CVS302 Hoplite Indirect Precision Attack Missile, United Kingdom


CVS302 missile

The CVS302 Hoplite is an indirect precision attack missile being developed by MBDA. The vertically-launched missile is developed under the fourth and most recent concept visions programme of MBDA. The CVS302 Hoplite missile was first displayed at Paris Air Show in June 2013. The missile can be deployed in mission critical operations in congested environments.

The Hoplite missile is intended to provide precision striking capability required for both naval and ground forces in 2035 and onwards. The missile can fly at speeds of 2,100km/h at low attitudes and 2,400km/h at high altitudes.

The Hoplite contains a one-shot, one-kill precision system, which together with the automatic trajectory planning helps to minimise the complexity of operations, time spent on planning and reduce the collateral damage.

CVS302 Hoplite design features

The CVS302 Hoplite is designed to operate at a speeds ranging from Mach 0.6 to Mach 3.5. The missile is equipped with the latest technology to co-ordinate salvo firings for attack on multiple targets.

The mission control system of the CV302 Hoplite helps the operator to control the missile from a remote place. The missile is capable of planning its own path using its own sensors and guiding system, without taking much help from the GPS system.

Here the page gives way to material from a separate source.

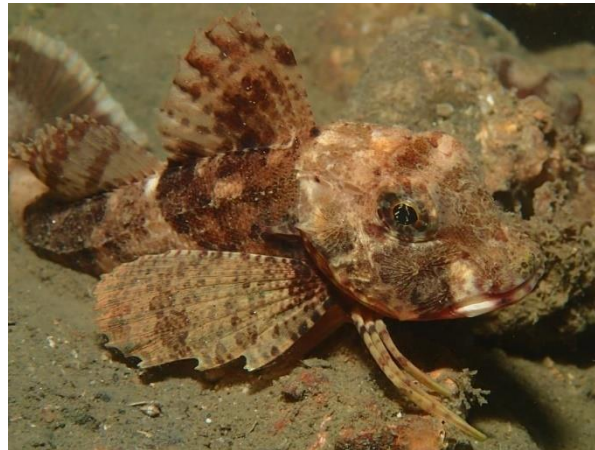
Streaked gurnard Chelidonichthys lastoviza

"The missile is capable of planning its own path using its own sensors and guiding system, without taking much help from the GPS system."

The missile is also designed to change its direction midway during flight to hide the identity of the launching place/origin.

CVS302 Hoplite variants

The CVS302 Hoplite is being developed in two variants, Hoplite-S and Hoplite-L.

The Hoplite-S is a utility variant intended for basic and supportive missions. It is designed to navigate through contested air space. It is fitted with stealthy altimeter functions as well as a versatile laser detection and ranging (LADAR) seeker to track targets. The missile obtains third-party mission updates and can receive targeting aid from Hoplite-L in co-ordinated strikes.

The Hoplite-S has a length of 3,200mm and a diameter of 180mm. It weighs 120kg, and can travel a maximum distance of 160km. It can cruise at speeds between Mach 1.5 to 3.5.

The Hoplite-L is a high capability missile developed for mission critical and remote engagements. The missile is fitted with a boosted kinetic energy penetrator warhead, which is accelerated by the airframe of the missile to break hard targets. This helps to destroy all kinds of targets at variable speeds. The salvo strikes are co-ordinated by the missile using a datalink and laser.

The propulsion system onboard the Hoplite-L missile allows rapid deceleration for operator-in-the-loop (OITL) targeting via two-way datalink.

The Hoplite-L has a diameter of 180mm and length of 3,750mm. The missile weighs approximately 135kg and can travel a maximum range of 140km, with a speed between Mach 0.6 to Mach 3.

Sensors on Hoplite missile

The spot-scanning LADAR system installed on both the missile variants offers 3D imaging, target recognition, semi-active laser (SAL reception), fusing and altimeter statistics.

"The Hoplite missile is intended to provide precision striking capability required for both naval and ground forces in 2035 and onwards."

The multimode seeker installed on Hoplite-L helps to detect targets up to 30km away in difficult environments and provides countermeasures.

CVS 302 Hoplite launch platforms

The missile can be launched from vertical launch systems aboard the land-based platforms and naval ships. The compact launcher integrates soft vertical launch (SVL) to deliver a quick response against threats. The non-ballistic trajectory of the missile protects the identity of the launch platform from enemies.

Hoplite propulsion system

The CVS302 Hoplite is powered by an air turbo-rocket propulsion system. The propulsion system includes an integrated boost motor providing a speed greater than Mach 2.

The air turbo-rocket installed on the missile offers the advantages of solid rocket motors and gas turbines. This arrangement also helps in quick accelerations and decelerations, which are essential characteristics of missiles.